Task to carry out: Return only the lines of the data below from the line with "Chart is a leader" up to and including the line with "Discussing the weeping", exactly as written, with the pictures omitted.

Given information:
__________

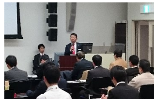
Mitsubishi Electric CNC new functions presentation

Customers showed great interest at the M800/M80/C80 series new functions and IoT solutions for machine tools presentations. We also received positive feedback in regards to our company's service principles "Whenever, Wherever, Forever" (which we adopted as our slogan) and the service system we provide from customers who attended the Mitsubishi Electric CNC Global Service presentation and tour of the MMEG repair site.
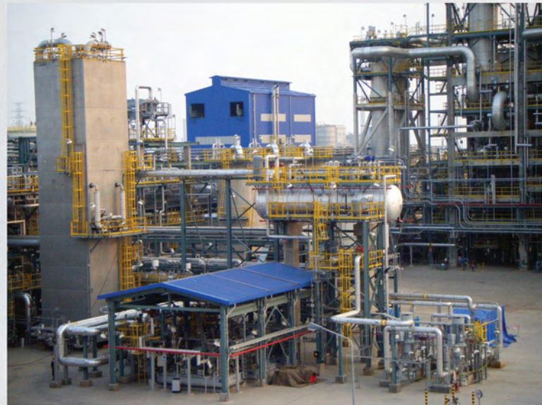
Chart Lifecycle, Inc.

Chart is a leader in cryogenic process design in the areas of Hydrodealkylation, purge gas processing and hydrogen - hydrocarbon separation systems where hydrogen recovery is essential. We offer design and fabrication of process systems for hydrogen recovery, purification, liquefaction and re-liquefaction.
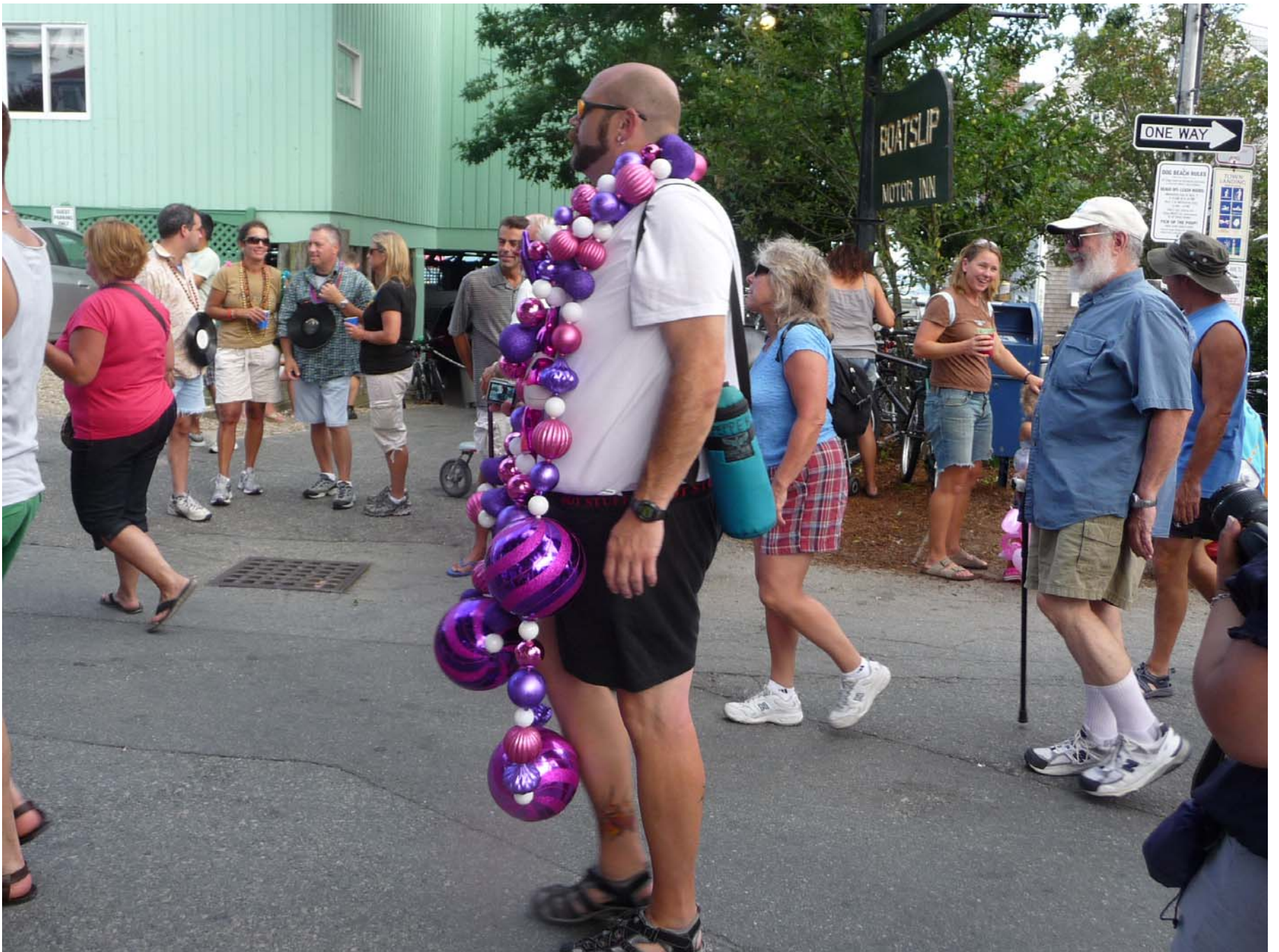
A guy and his big balls.
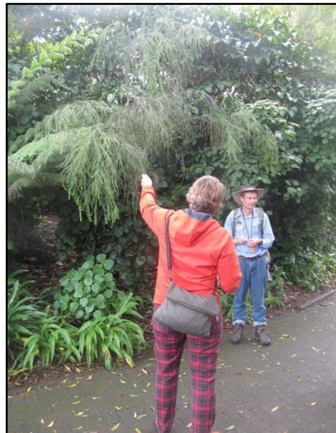
Discussing the weeping nature of the native broom, Carmichaelia australis

Some of the interesting discoveries were Miro and Matai growing almost next to each other so one could closely observe differences in leaf shape and habit, Kahikatea berries in close range ( we even got to sample one), Chatham Island Astelia, Native broom, huge Ngaio, Rewarewa and Titoki with fruit, and a stand of mature lancewoods.
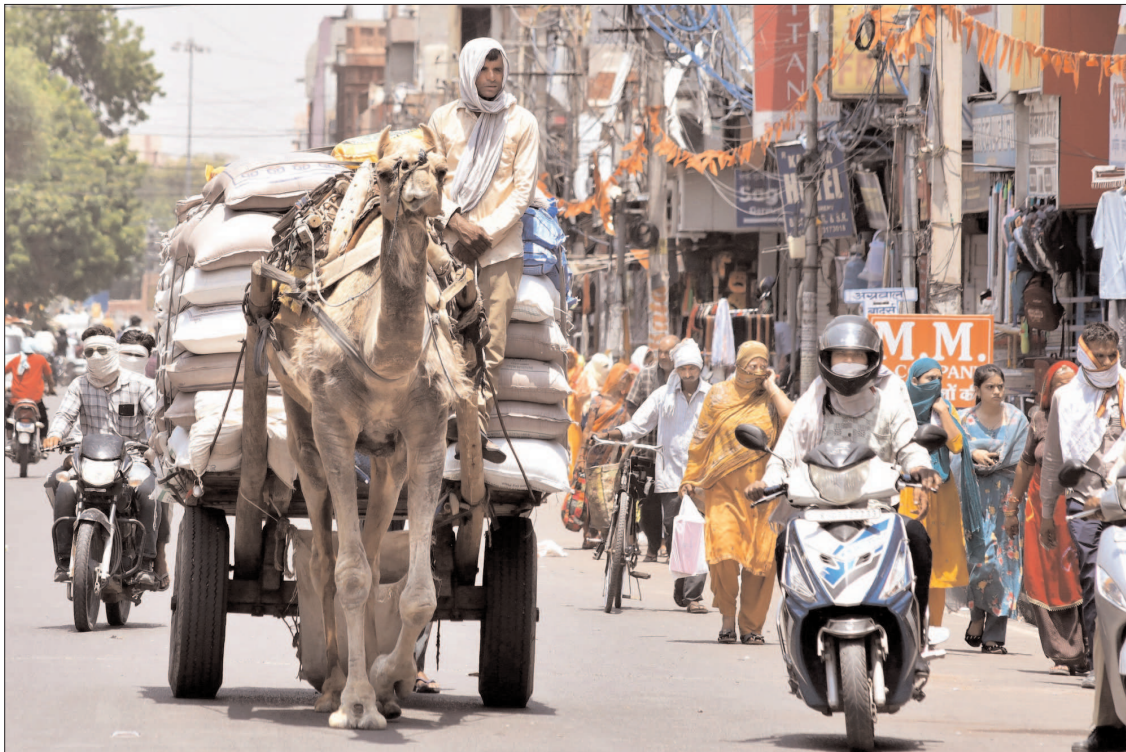
RAJASTAN: Commuters cover their faces with scarves to protect themselves from the harsh heat in Bikaner.

The state court in Halle scheduled the proceedings for June 24 and 26 against Björn Höcke, who plans to run for the governor's job in the eastern state of Thuringia in a state election in September. The charge of using symbols of an unconstitutional organization can carry a fine or up to three years in prison. On May 14, the same court convicted Höcke of that charge and imposed a fine of 13,000 euros ($14,100). The first case centered on a speech in Merseburg in May 2021 in which Höcke used the phrase "Everything for Germany!" Judges agreed with prosecutors' argument that he was aware of its origin as a slogan of the Nazis' SA stormtroopers. Höcke, a former history teacher, has said that he's innocent and argued that it was an "everyday saying." His lawyers are appealing against the verdict. The second count against Höcke was added to his first trial shortly before it opened, but judges then decided to try it separately because his defense team had recently changed.
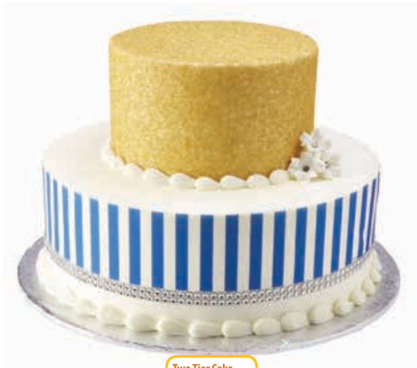
Two Tier Cake Serves 64 100/170 cal. per slice
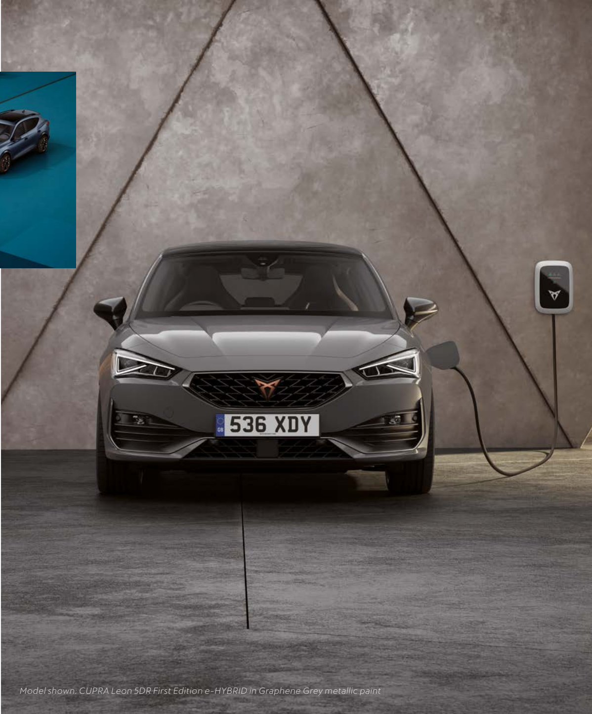
Model shown: CUPRA Leon SDR First Edition e-HYBRID in Graphene Grey metallic paint

Exit Assist warns of approaching traffic from behind and activates a signal in your wing mirrors, helping you to change lanes safely.
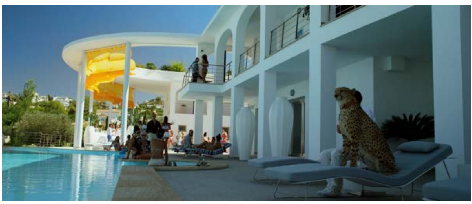
Shot from The Counselor
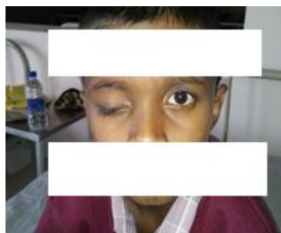
Fig. 1: Patient showing right sided ptosis
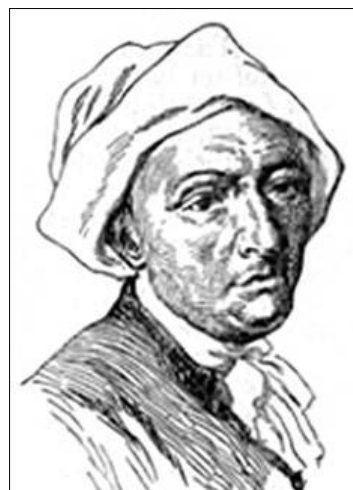
Figure 2: An engraving of de la Hire made during his lifetime.

The circle with 179 numbered slots on the middle disk is arranged as follows:
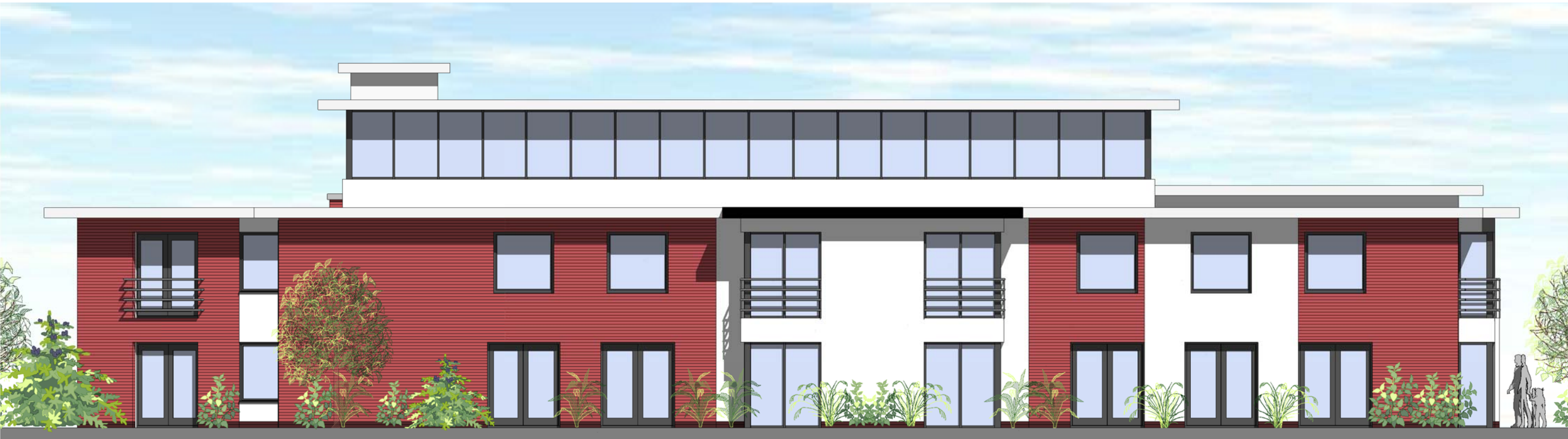
3 Elevation B 1:100
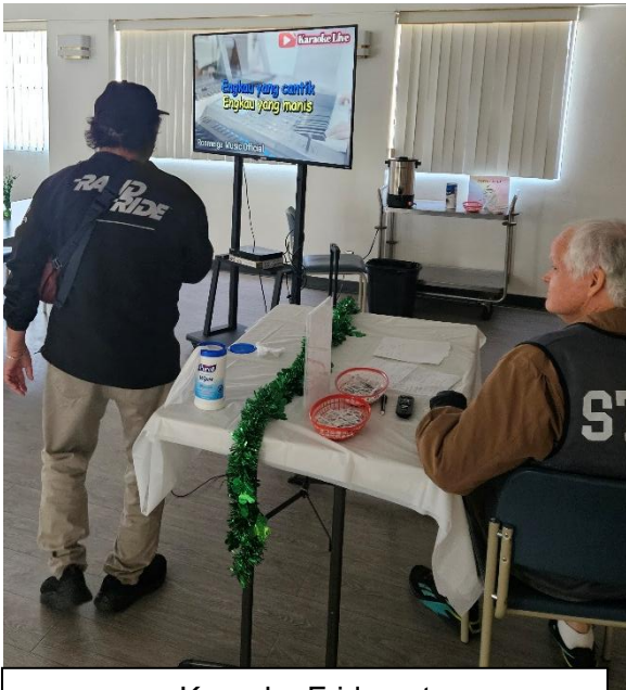
Karaoke Friday at Bartlett Center
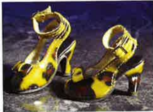
Very Vintage #014-112 $22.00
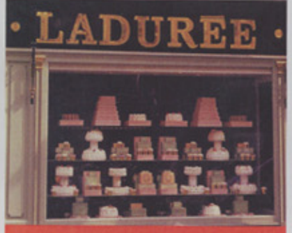
PARIS Ladurée is famous for its perfect macarons.

ANTIQUE WALKING STICKS M.G.W. SEGAS, 34 PASSAGE JOUFFROY (33-1-47-70-89-65), WWW.CANESGAS.COM Tucked into the Passage Jouffroy, this beautiful shop is dedicated entirely to antique walking sticks. Parrot heads, monkey heads, clenched fists, and a finely turned ankle are among the countless different handles on the many sleek, shiny sticks made of every imaginable wood. SSSS

__________

Result:
Chart is a leader in cryogenic process design in the areas of Hydrodealkylation, purge gas processing and hydrogen - hydrocarbon separation systems where hydrogen recovery is essential. We offer design and fabrication of process systems for hydrogen recovery, purification, liquefaction and re-liquefaction.
A guy and his big balls.
Discussing the weeping nature of the native broom, Carmichaelia australis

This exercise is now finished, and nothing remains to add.